Bert NextSentence memory leak

I am using bert for next-sentence prediction on a cpu. I want to call the model twice in a row to select a sentence from a list of sentence pairs. I am using a batch size of 128. My code looks something like this:

def bert_batch_compare(self, prompt1, prompt2):
    encoding = self.tokenizer(prompt1, prompt2, return_tensors='pt', padding=True, truncation=True, add_special_tokens=True)
    target = torch.ones((1,len(prompt1)), dtype=torch.long)
    outputs = self.model(**encoding, next_sentence_label=target)
    logits = outputs.logits.detach()
    return logits
    
def call_bert(self):
    batch_pattern = []
    batch_template = []
    batch_input = []
    ## make batch_pattern, batch_input, patch_template here!
    si = self.bert_batch_compare(batch_pattern, batch_input)
    ## second call to this fn is killed because of memory limitations    
    sj = self.bert_batch_compare(batch_input, batch_template)

If I lower the batch size to something like 24 it runs, but I’d like to use a larger batch size. I am not doing any training right now. I’m using ‘bert-base-uncased’. During the second call to ‘bert_batch_compare()’ the memory usage increases to 100% and the program crashes. I have 16G to work with. Until that time the code only uses 1.8Gig. I am using linux and python 3.6, along with pytorch 1.8.

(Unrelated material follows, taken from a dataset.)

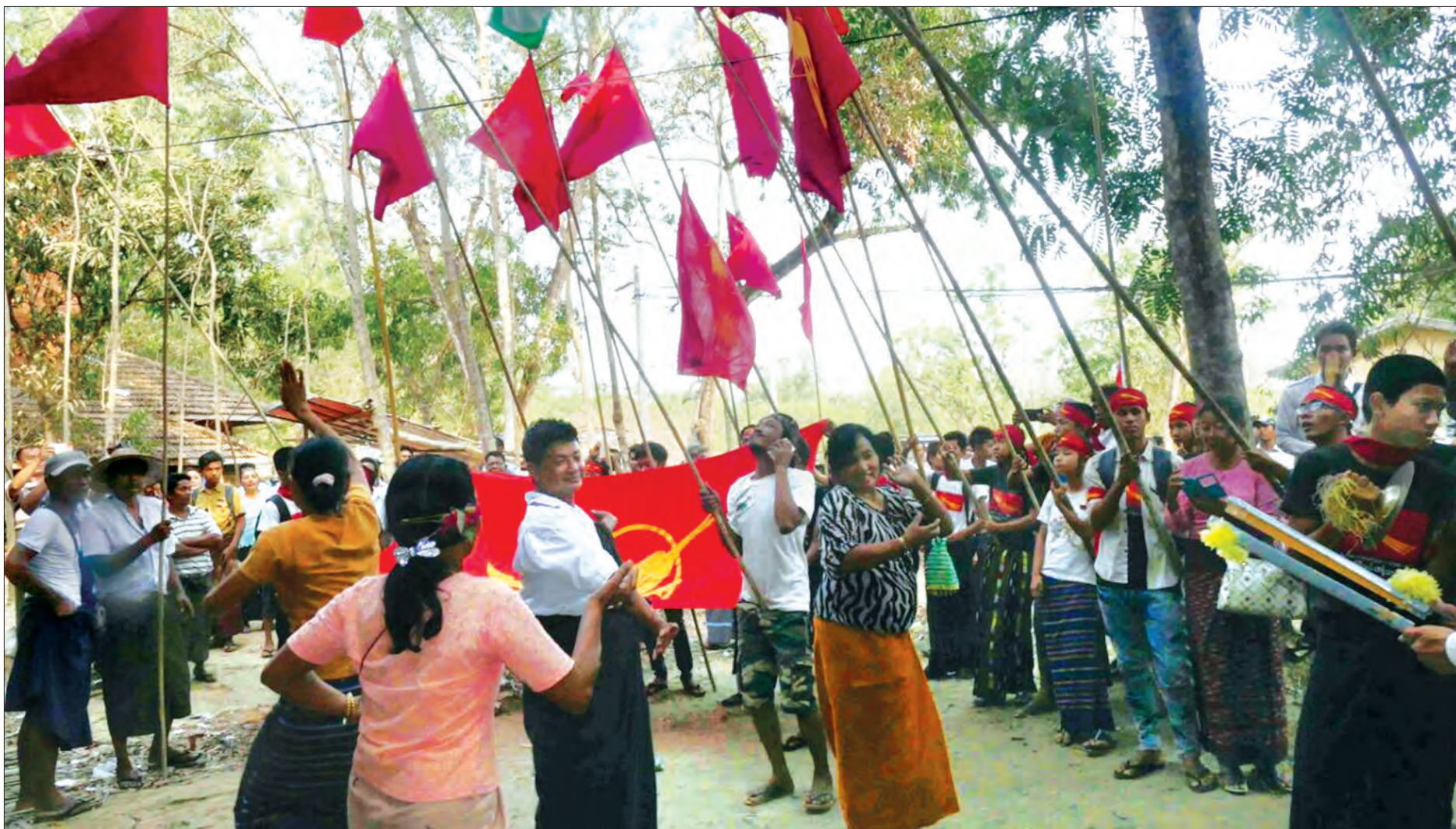
နိုင်ငံရေးအကျဉ်းသားများ၊ နိုင်ငံရေးတက်ကြွလှုပ်ရှားသူများ၊ နိုင်ငံရေးနှင့်ဆက်နွှယ်ပြီး အမှုရင်ဆိုင်နေကြရသူများ လွတ်မြောက်လာ၍ ပျော်ရွှင်နေသည်ကို တွေ့ရစဉ်

Might not be a memory leak but a case of larger batch padding.

If the longest sequence in the first batch is 80 tokens, then that batch will (likely) be padded to 80 items and that may fit into memory. But if the longest sequence in the next batch then contains 250 tokens, then the whole batch is padded to 250 and that might not fit into memory. So verify the length of each individual sample to be sure.

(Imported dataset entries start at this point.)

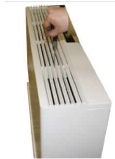
1. Atsukite korpuso varžtus.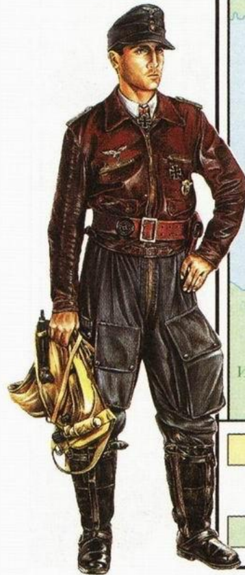
Немецкий военный лётчик времён Второй мировой войны.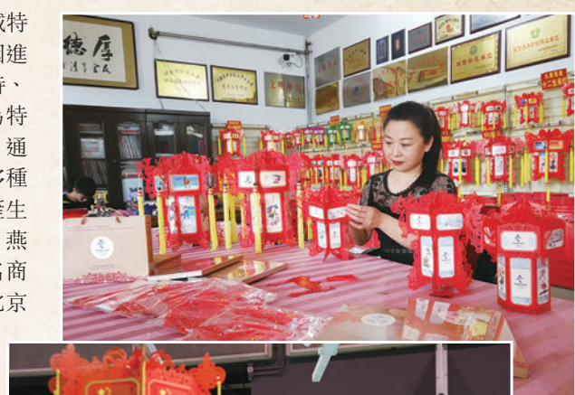
◆「工藝紙雕宮燈」集中國民間工藝、吉祥文化於一身, 極具民族特色。

Before the tokenizer I limit the strings in the batches to 80 characters. That works, or seems to, but I have one question. is 80 characters the limit, or is that determined by experiment? Am I right limiting the string length, or should I be trying to limit the number of tokens?

80 was just an example. You should consider your dataset and find out how long your sentence are and where the information typically is. If you have very long sentences but the most information is at the end you need to to truncate the front, etc. Input data analysis is key. If you then have determined what the best length is, you can use that information in your calls to the tokenizer with max_length.

self.tokenizer(prompt1, prompt2, return_tensors='pt', padding=True, truncation=True, max_length=128)

Note that this max length is about the total amount of splitting subword units, not about the number of total words.

You should first determine this max length according to your data, and then adjust your batch size accordingly.

thank you. that’s very clear.